But topological spaces have some relatively unusual properties-not shared by algebraic things like groups or vector spaces (or sets-)summed up by the slogan that the first isomorphism theorem does not hold. In particular, injective maps aren't necessarily homeomorphisms onto their image. The latter are clearly interesting, so we look for some kind of abstract characterization of why they're interesting, and the answer I'm offering is that they're extremal. The general definition is that $f:X\to Y$ is an extremal monomorphism if, whenever $f=g\circ e$ for $e:X\to Z,g:Z\to Y$ with $e$ an epimorphism, $e$ is actually an isomorphism (a general word which means bijection when interpreted in sets, homeomorphism when interpreted in topological spaces.)

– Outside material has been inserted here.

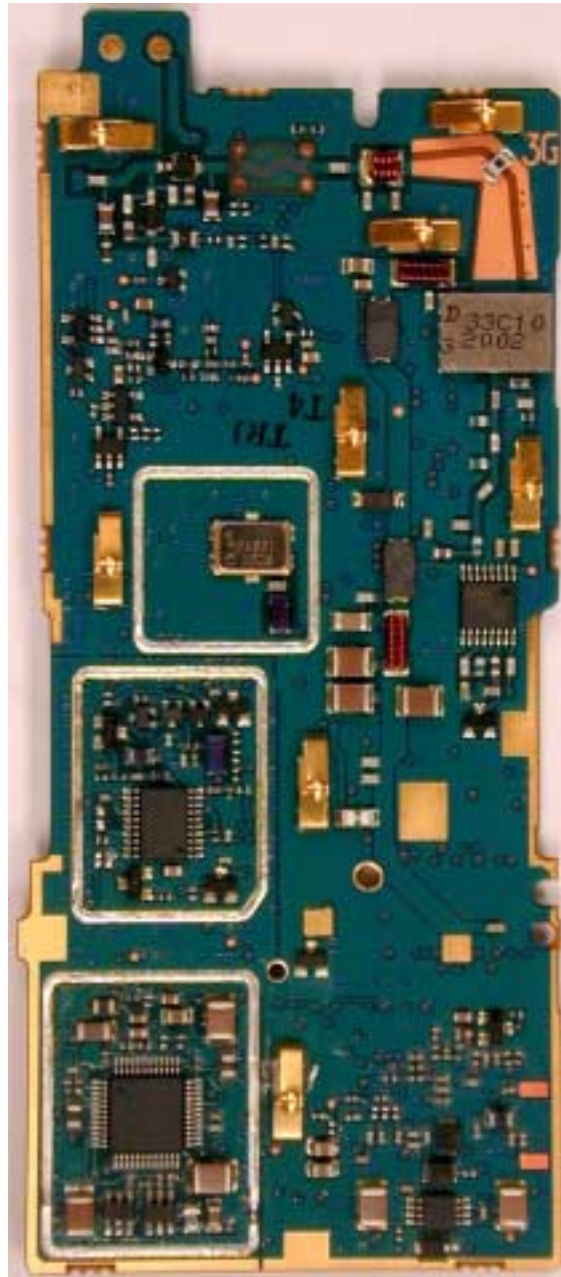
RF board without Shields (Bottom)

If you think about it for a minute, you'll find that this definition reads strangely when $X,Y,Z$ are sets and $f,g,e$ arbitrary functions: $f$ is an injection and $e$ a surjection, so that certainly $e$ is a bijection. And indeed all monomorphisms of sets are extremal, but this is not so for topological spaces! It's a good exercise to prove that the extremal monomorphisms where $X,Y,Z$ are topological spaces and $f,g,e$ continuous functions are exactly the embeddings. Use the fact that the identity map from $(X,\tau)$ to $(X,\tau')$ is an epimorphism but not a homeomorphism whenever $\tau'$ is strictly coarser than $\tau$.

It's a general principle that whenever you have a notion defined entirely in terms of arrows, like monomorphism or extremal monomorphism, you have a dual property gotten by turning all the arrows around: this is the basic duality of category theory. When we turn the arrows around in the definition of monomorphism, we get the notion of epimorphism, and when we do the same for extremal monomorphisms, we get the notion of extremal epimorphism: $f:X\to Y$ is an extremal epimorphism if whenever $f=g\circ e$ and $g$ is a monomorphism, then $g$ is an isomorphism. And in topological spaces, this notion is exactly that of quotient map!

So the upshot is that we like injections and surjections, and have various generalizations of them, many of which end up being interesting in any new context we begin to study. And there's always a duality between such generalizations extending the duality between monomorphisms and epimorphisms. So as soon as you notice embeddings are interesting, you can immediately begin searching for quotient maps! Of course, that's a ludicrously ahistorical description, but it's conceptually not entirely useless.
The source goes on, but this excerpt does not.